A Declaration (Classification) of (Modified) Independence

Tonight I was crushed at freeze tag by a pre-teen, two children, and a peer. I mean crushed. My five and half year old was unfreezing me as needed, and when I was “it,” my three year old was my only active target. I had the head drop to juke left, but no spring off my left foot to jolt back right. I tried to spin away from an incoming freeze tag, and I aimlessly hopped on my strong right foot, down our slightly declining back yard.

I declared victory, anyway.

Not because my house, my rules.

No. Instead–well, if you have heard me speak in the past several months, refining and sharpening my illness narrative, you know the climax of my awake craniotomy and surgical resection to debulk a 71mm primary brain tumor included the adjudication of a life-altering decision to either press on with aggressive surgery at the risk of left-sided paralysis, or remain conservative, protecting sensory motor function with impairment, leaving remaining tumor in the margins of my surgical cavity.  I decided to pursue a more conservative resection, on grounds of my young family–three boys under five years old, and our (necessarily) active lifestyle. This decision was made while on the operating table, skull opened, my inner emotional and physical life exposed, if there is a distinction to be made.

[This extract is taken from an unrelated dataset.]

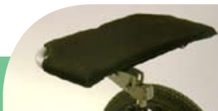
← Rhoades ComfortRide 22" Wide Comfort Seat →

All three GoBoy models are equipped with standard features including your choice of butterfly or bicycle-style handlebars, black mag wheels, white wall tires, disc brake, and 1-speed transmission. Want even more options? The sky is the limit! You can jazz them up with deluxe seats with back rests, 6 or 42-speed gearing*, fenders, cargo box and more.

Tonight I tossed my cane aside. I ran (I mean, sort of ran. Ran-ish) with my boys, their cousins, my brother in law. My awkward gait pounded my feet into the hard summer soil of an Indiana summer through the flat soles of the Sambas I used to wear for ollies and standing for hours at local concerts (“shows”).

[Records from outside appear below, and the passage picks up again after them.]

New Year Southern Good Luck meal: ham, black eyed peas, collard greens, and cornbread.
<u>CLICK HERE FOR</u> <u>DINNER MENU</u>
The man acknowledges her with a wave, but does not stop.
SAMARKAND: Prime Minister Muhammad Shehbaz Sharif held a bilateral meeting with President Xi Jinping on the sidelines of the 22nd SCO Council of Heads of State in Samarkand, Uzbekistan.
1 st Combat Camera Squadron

My neurosurgeon told me to make my decision based on my quality of life today, not what I imagine could be the case in the future. My decision ultimately was to maintain what function I had left after a huge tumor smashed my right ventricle, motor sensory cortex, and post-central gyrus. I took this bet to leave cancer in my head and rolled the dice for research oncology to save my life while I hobbled after my boys outside during the slowest-paced game of freeze tag that’s ever been played.

Anyway, it’s July 4th, and that is my declaration of independence. My quality of life is better for it–shorter maybe, but for tonight, anyway, better.